Поздний вечер не подтвердил радостных надежд, которые, казалось бы, обещал день, когда король сказал кюре дворцовой церкви, воспользовавшемуся возможностью войти в спальню, что речь идет не о его жизни, о сохранении коей, по словам кюре, все молятся, а о спасении его души и надо молиться об этом. В тот же день, отдавая распоряжения, он оговорился, назвав дофина молодым королем. Заметив смущение присутствующих, король промолвил: «Ну что вы, меня это нисколько не огорчило». Около восьми он принял эликсир провансальца. Кажется, соображал он плохо и сам сказал, что чувствует себя скверно. Около одиннадцати врачи осмотрели его ногу. Гангрена распространилась на всю ступню и голень, бедро тоже распухло. Во время осмотра король потерял сознание. Он с огорчением заметил отсутствие г-жи де Ментенон, которая уже не собиралась возвращаться сюда. В течение дня он несколько раз спрашивал ее, так что пришлось сообщить ему об ее отъезде. Он послал за нею в Сен-Сир, и вечером она приехала.

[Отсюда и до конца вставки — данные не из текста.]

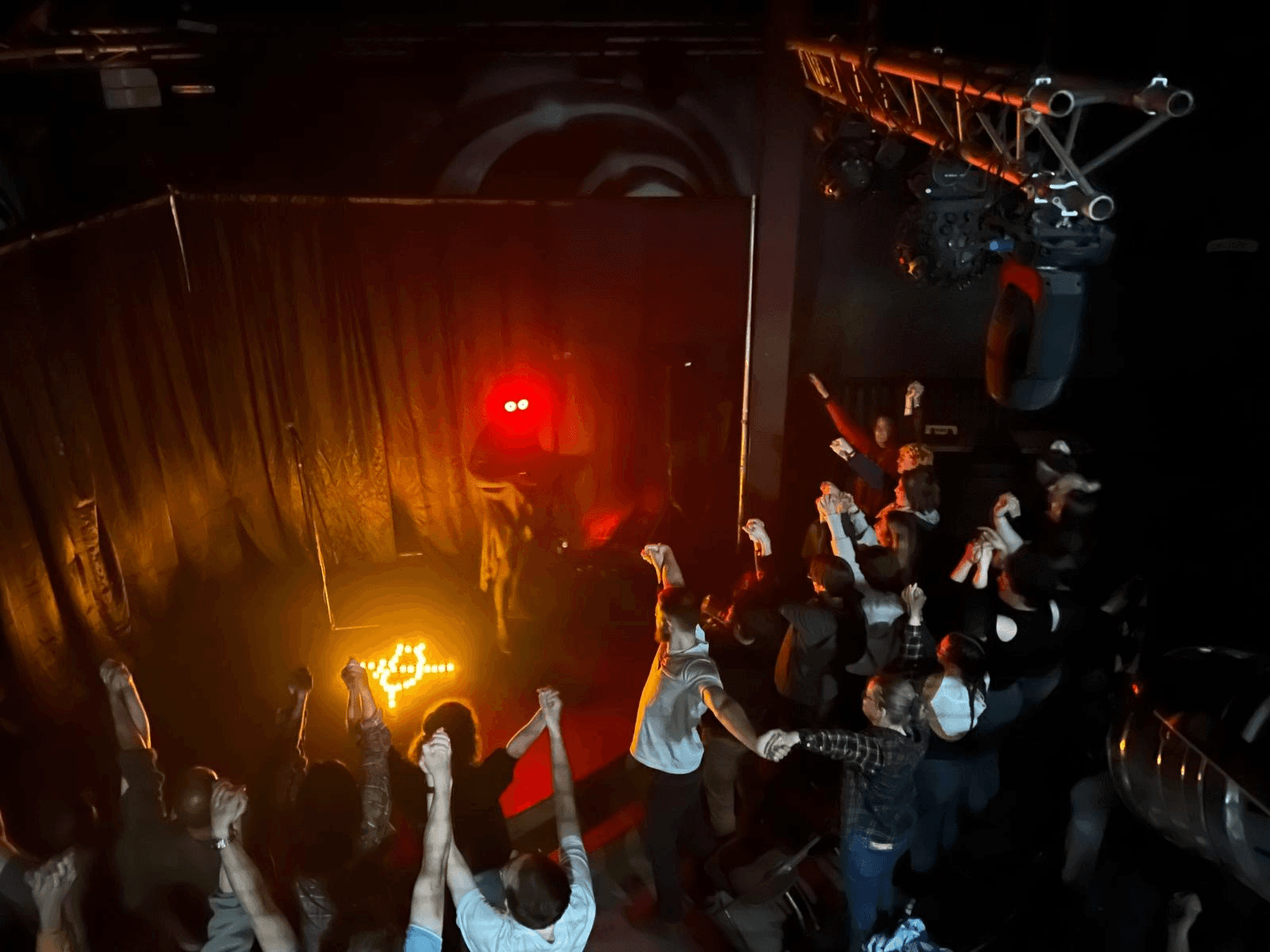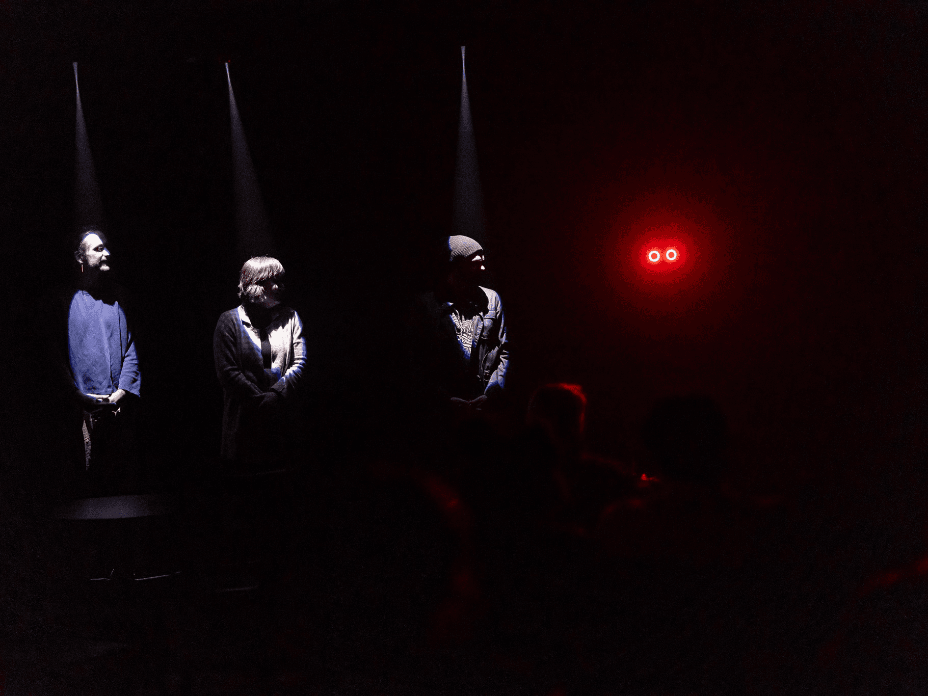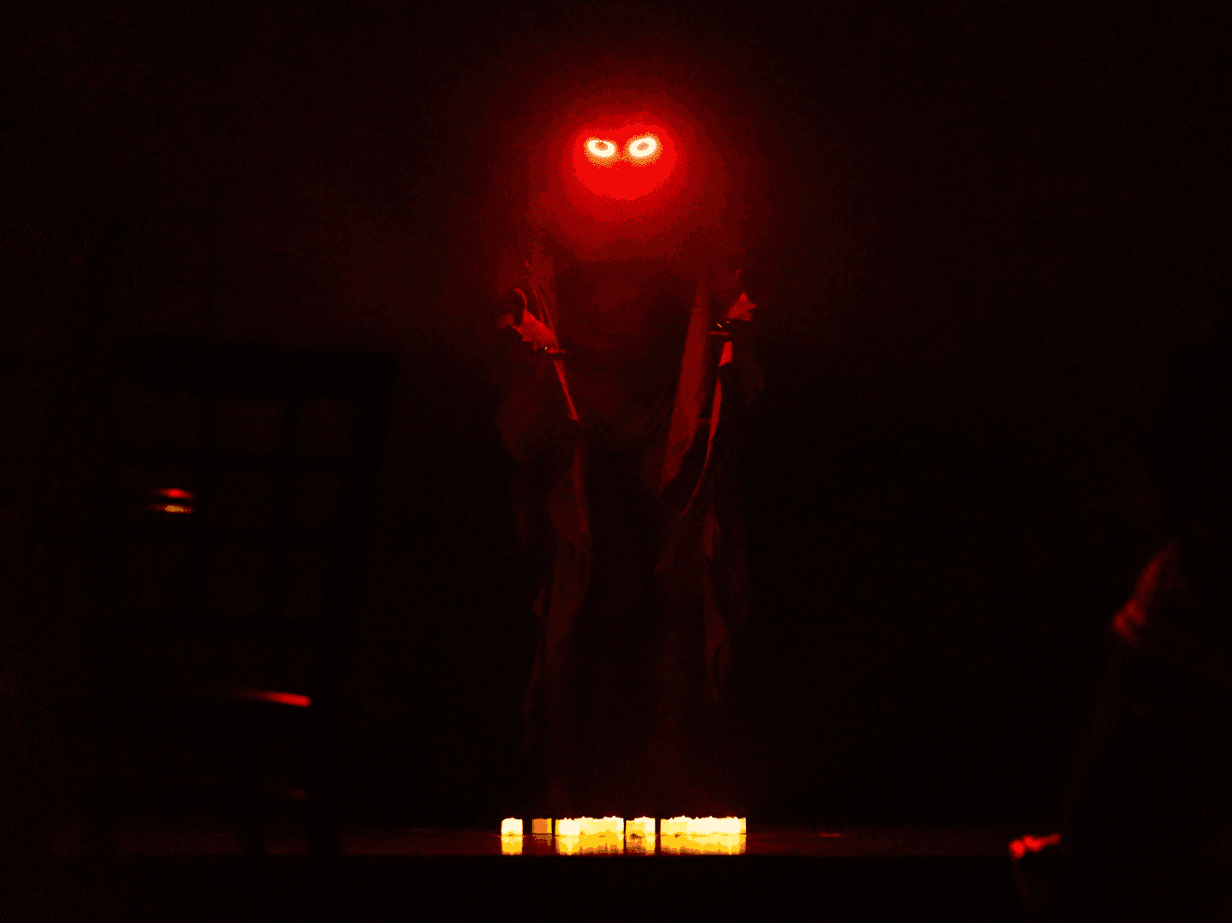 This show is performed mostly in the dark, lit by Mothman's glowing red eyes.

Пятница 30 августа была такой же тяжелой, как ночь; король испытывал сильную сонливость, а подчас впадал в забытье. Время от времени он съедал ложечку желе и выпивал воды, поскольку уже не мог пить вина. В спальне находились только самые необходимые слуги, врачи, г-жа де Ментенон, да несколько раз заходил о. Телье, за которым посылали Блуэн и Марешаль. Он очень ненадолго задерживался в кабинетах, точно так же, как герцог Мэнский. Король охотно обращался к благочестивым мыслям, когда г-жа де Ментенон или о. Телье видели, что голова у него проясняется, но такое случалось редко и ненадолго. Около пяти часов вечера г-жа де Ментенон ушла к себе и раздала всю мебель из своих покоев прислуге, после чего уехала в Сен-Сир и больше оттуда не выезжала.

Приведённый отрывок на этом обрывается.